The last time that the Green Bay Packers visited the Seattle Seahawks wasn’t pretty. It was the first game of the season, and the Seahawks beat the Packers 36-16. No Packers running back cracked 40 yards rushing. Rodgers didn’t crack 200 yards passing, and had as many interceptions as touchdowns: 1. The Seahawks punted only twice in nine drives. It was the type of game that had sports pundits feeling validated that the Seahawks could pull off a Super Bowl repeat and made fantasy football players who drafted Eddie Lacy in the first round give up on the season.

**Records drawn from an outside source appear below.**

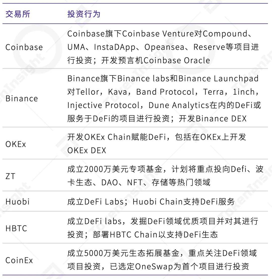 各交易所DeFi领域投资行为,来源:TokenInsight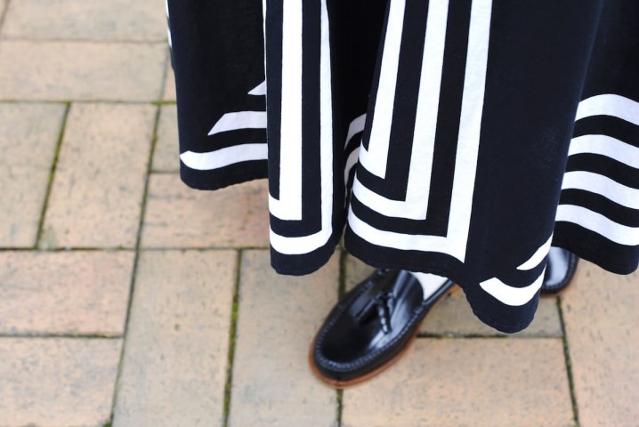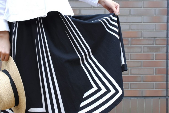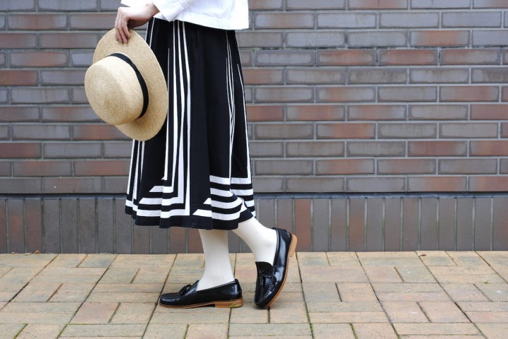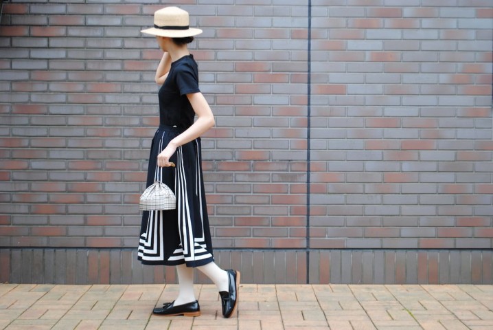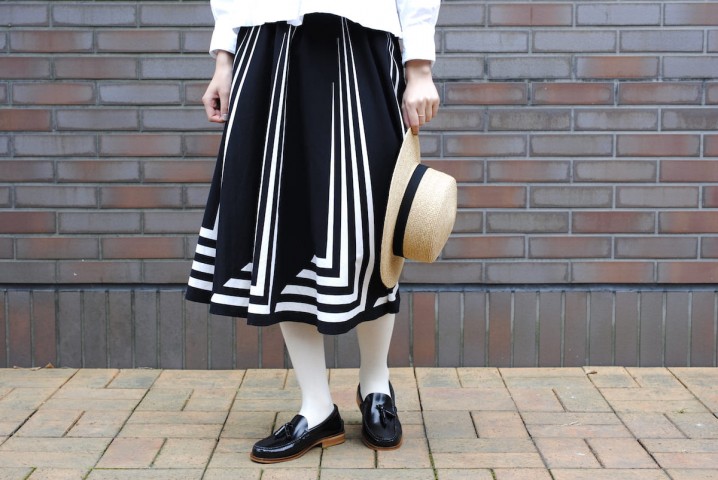 トップスを黒にすると白のラインがぐっと引き出て見えます。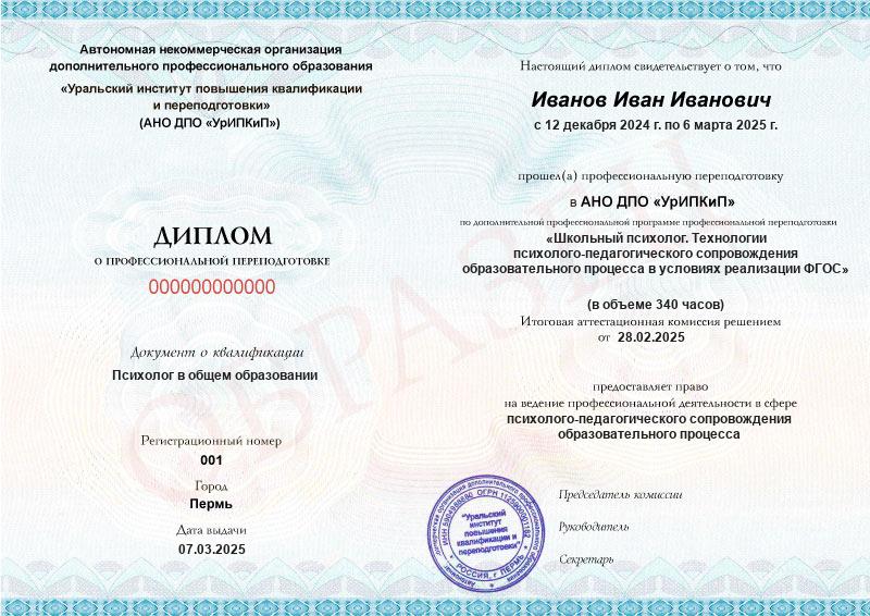 Да, дипломы и удостоверения оформляются в соответствии с действующим законодательством РФ. Документы печатаются на специальных бланках, заверяются печатью АНО ДПО «УрИПКиП».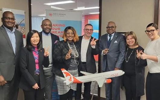 Minister of Tourism, Edmund Bartlett (3rd on the right) and Director of Tourism, Donovan White visited Air Canada Vacations’ offices along with Dan Hamilton, District Sales Manager, Jamaica Tourist Board, Shirley Lam, Manager Product Development, Air Canada, Angella Bennett, the JTB’s Director for Canada, Nino Montagnese, Vice President, Air Canada Vacations (ACV), Dina Bertolo, Vice President, Product Development, ACV and Audrey Tanguay, Manager, Global Sales and Tourism Partnerships, Air Canada.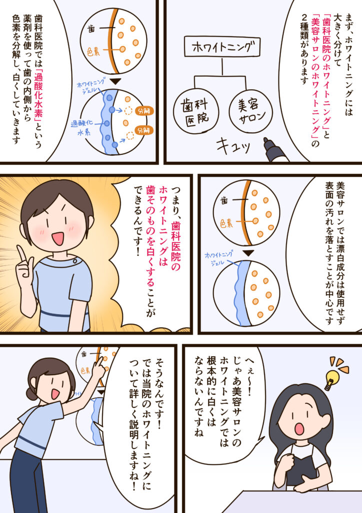 エステサロンでのホワイトニングや市販されている製品でのホワイトニングと比べて効果が高く、白くなるスピードが早いのが特徴です。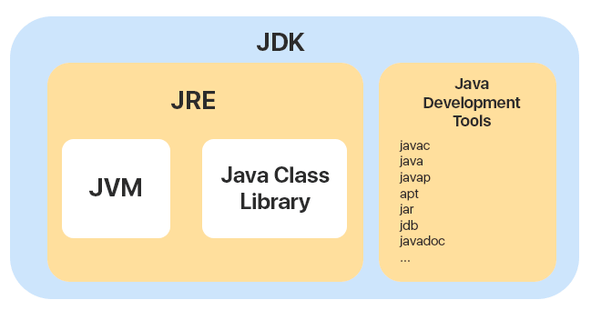 JDK는 자바 개발 키트의 약자입니다. 컴파일러, 디버거, JAR, 프로파일러가 포함되어 있습니다.

I think we’ll be seeing more of the same for this game, and then some. Considering the Packers were decimated in Week 1 with a healthy Aaron Rodgers, and now he’ll be limping up to the line, the Seahawks defense that proved me wrong last week could be in for another big day.
Indianapolis Colts @ New England Patriots
People say that Andrew Luck is such a nice guy that he congratulates and practically thanks defensive players for hitting him. But judging by last week, we can say that he values winning over being nice. If Luck were nice, he would have allowed the world yet another Manning vs. Brady Bowl. But nooooo. He had to show the world that the Indianapolis Colts jettisoning Peyton Manning for the #1 “Suck for Luck” draft pick was a good idea by leading the Colts to the AFC Championship game. That was the first domino. Coach John Fox was subsequently dumped. Jack Del Rio is looking towards Oakland. Peyton Manning is pondering if it’s more painful to get sacked or to do Papa John’s commercials for another year. And almost everyone on the team is a free agent. Look what you did, Andrew Luck! You ruined the Denver Broncos!

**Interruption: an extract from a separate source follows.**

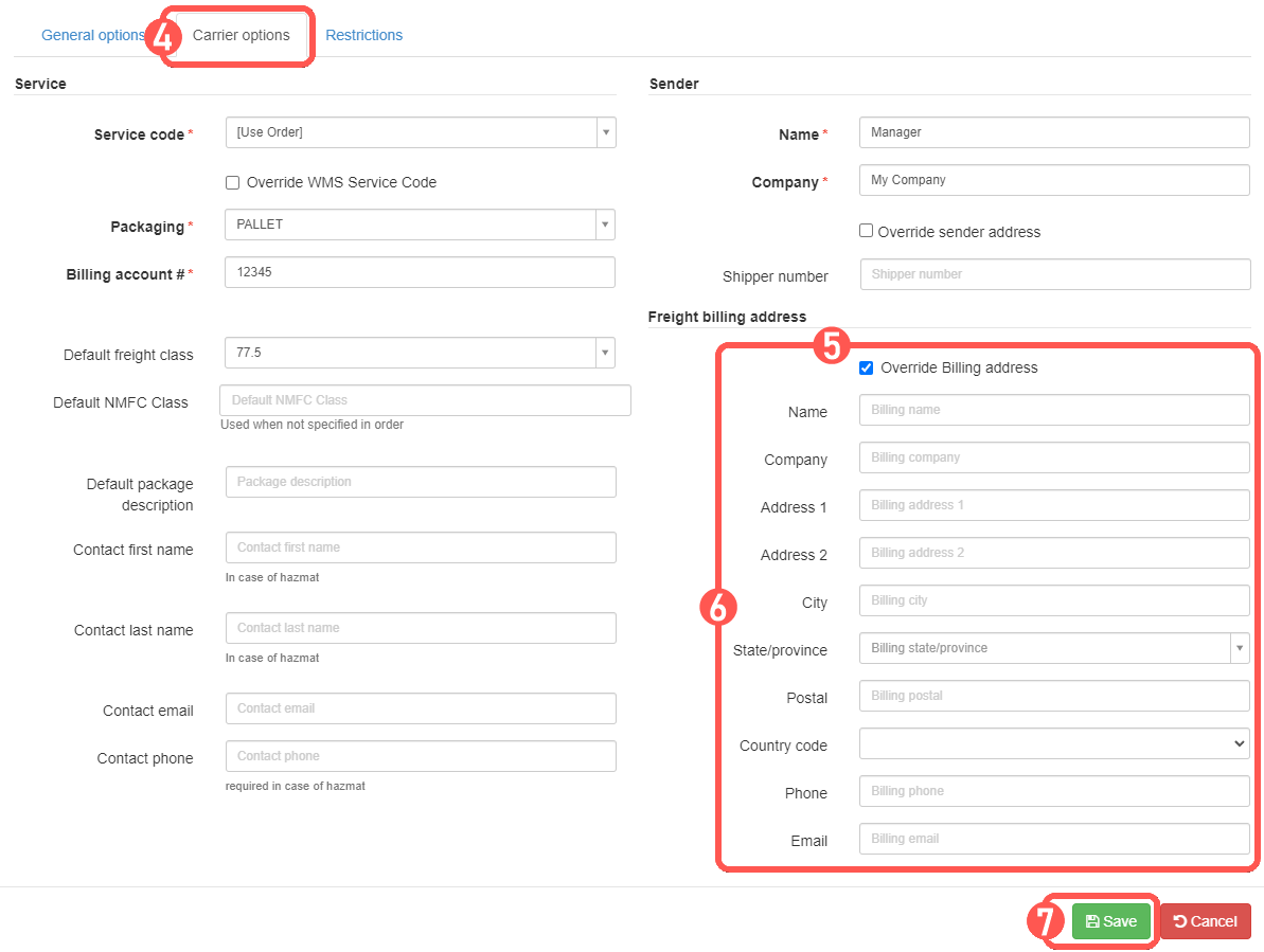 - Freight Payment Terms: Select the type as 3rd Party or Collect according to the case; in the case of Collect, set the Account number as the account that will pay if collect fails

Now Andrew Luck looks to steal a little more of Peyton Manning’s identity by taking over the future Hall of Famer’s rivalry with New England Patriots quarterback Tom Brady. Now all Andrew Luck needs to do is shave, have a brother playing in the NFC and break all of the NFL quarterback records. No problem.
Meanwhile, Tom Brady is starting to get as snarky as his wife, Gisele Bundchen, as he sarcastically stated that Ravens coach John Harbaugh should open up a rule book before complaining about alleged “deception” on the field. Hey, it’s not Tom’s fault that the officials didn’t stop play like they’ve done to the Philadelphia Eagles in order to call out eligibility.
It’s Luck vs. Brady: Round 2 in the playoffs. Loser shaves.
Patrick Emmel is a sports humorist who once punted a soccer ball fifty yards to his teammate, who then scored the only goal for his college intramural soccer team’s season. Seriously, that kick was placed PERFECTLY. He is also still a believer that Colt McCoy is going to break out as an NFL quarterback. You can read more of his obnoxious commentary at This Jeer In Sports and heckle him on Twitter @Patrick_AE.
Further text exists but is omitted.